Getting help when suffering from stress

As a nurse who works in the travel nursing industry, you’ve likely been through a lot of emotional, physical, and mental stress in the past few years. This can make it difficult to practice self-care and maintain a positive work-life balance.

It can be hard to admit that you need help, but doing so can help you get your physical and mental health back under control.  If you’re struggling with a condition like depression or anxiety, you may be able to speak to your employer to learn more about the services they offer employees.

Your hospital or medical facility probably has access to therapists and medical interventions if needed. A recent meta-analysis of psychotherapy found that it is considerably more effective than care-as-usual and can help you manage your symptoms. 

You may also benefit from additional perks your hospitals offer, such as access to a personal trainer (PT) or a gym. Hospitals want their staff to be healthy and are usually more than happy to extend PT services to their travel nursing team members.

Reach out to your employer if you feel that your work-life balance is starting to slip, and ask them about the services available to you. 

Moving On

Travel nurse moving on and leaving her hospital assignment

Most hospitals you work at as a traveling nurse are happy to have the extra support and are willing to do anything to ensure that you are healthy and happy. However, there are times when you can work for a hospital that doesn’t align with your values and intentionally derails your work-life balance. 

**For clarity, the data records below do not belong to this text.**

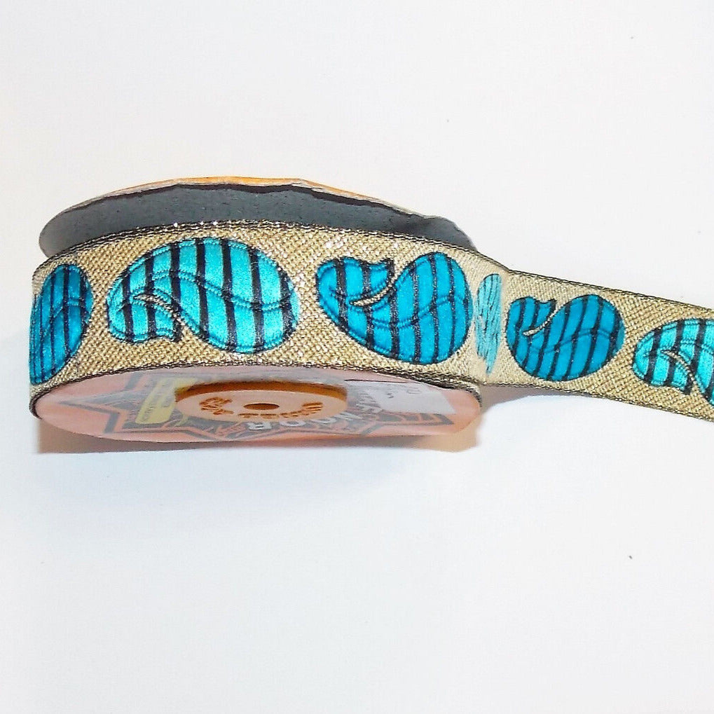 1m paisley turquoise blue beige gold jacquard embroidered ribbon 25mm
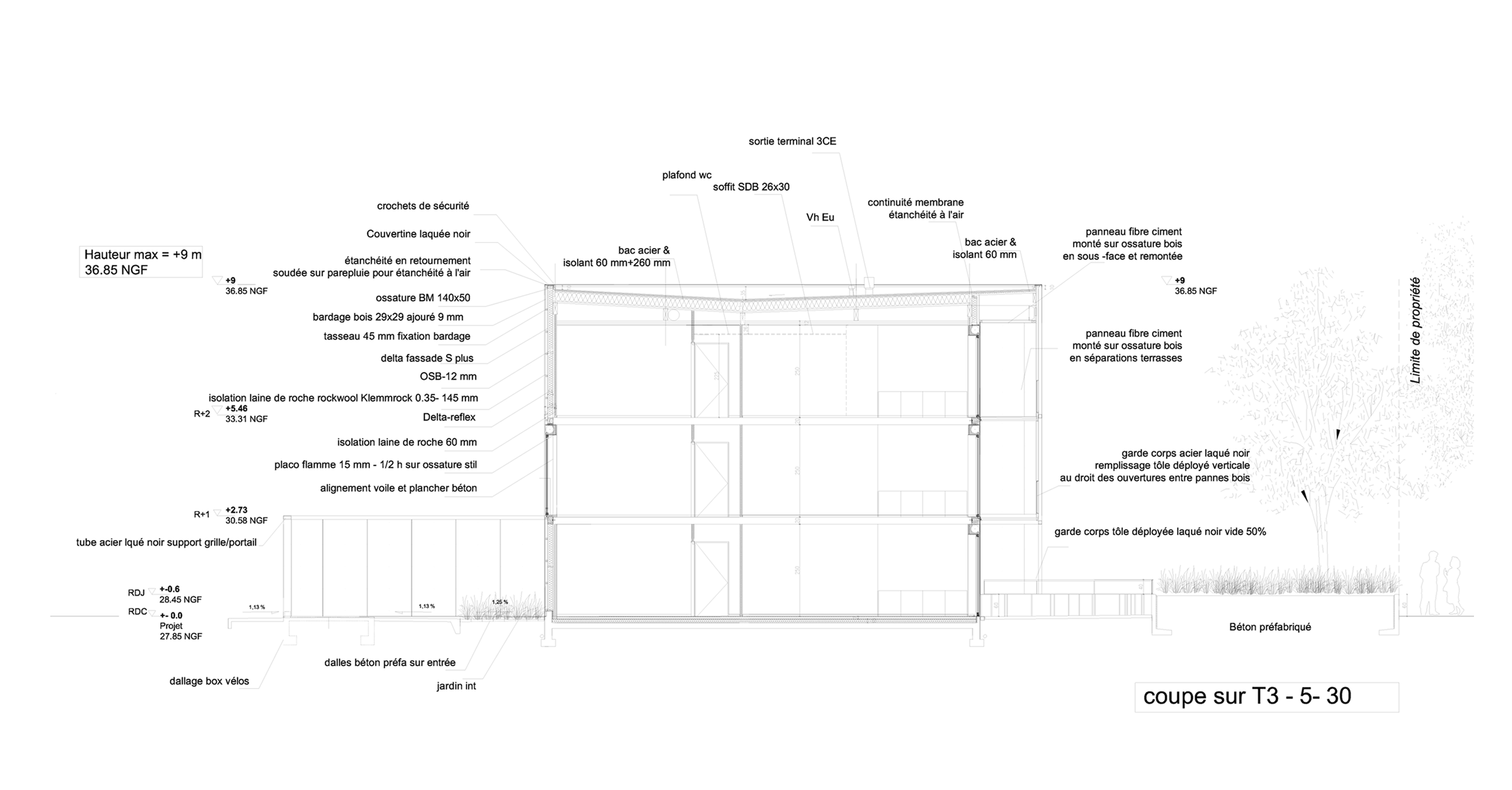 Descriptif technique : Le système structurel est constitué de voile béton en refends et planchers, de murs à ossature bois en façades, d'une charpente bois, d'un bac acier, d'une isolation rapportée et d'une membrane d'étanchéité avec sédum sur RDC. Trois matériaux extérieurs caractérisent le projet dans son rapport au sol. Le béton brut en sous bassement, les plaques minérales teintées dans la masse sur les RDC, le lattis bois vertical en R+1 & R+2. Le bardage en Hêtre abouté de petite section 29x29 est thermo-chauffé à haute température. Constitué de panneaux assemblés sur chantier, aucune fixation n’est visible. NF Logement Démarche HQE
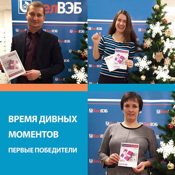 Первые 10 победителей рекламной игры «Время дивных моментов» для держателей карточек MasterCard World «Дива» от Банка БелВЭБ получили свои призы. Главный - подарочный сертификат на 2500 рублей - достался Дмитрию Лодыге.
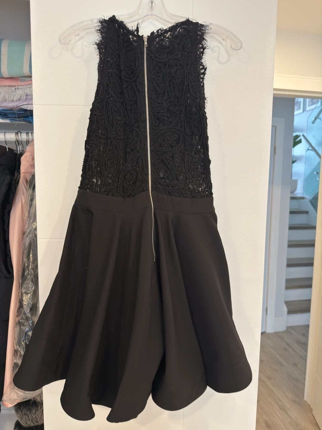 This black sleeveless dress features a delicate lace bodice and a full skirt. It has a back zipper closure. Dress is black.

If you can’t leave your contract early, plan ahead to consider what you’ll do between nursing jobs. You may need a break from working after the contract ends, and you shouldn’t be afraid to take time for yourself. Consider taking classes at a local university or planning a vacation for yourself.

Find a Travel Nurse Job with Work-Life Balance

Travel nurse with work-life balance

Working as a travel nurse is extremely rewarding. You’ll learn new practices and techniques and see the world while doing a job you love. However, it’s easy to get burned out when working and traveling abroad.

Strike a better work-life balance by choosing an employer that values your well-being. This will help you find time to practice self-care and take advantage of the resources offered to you.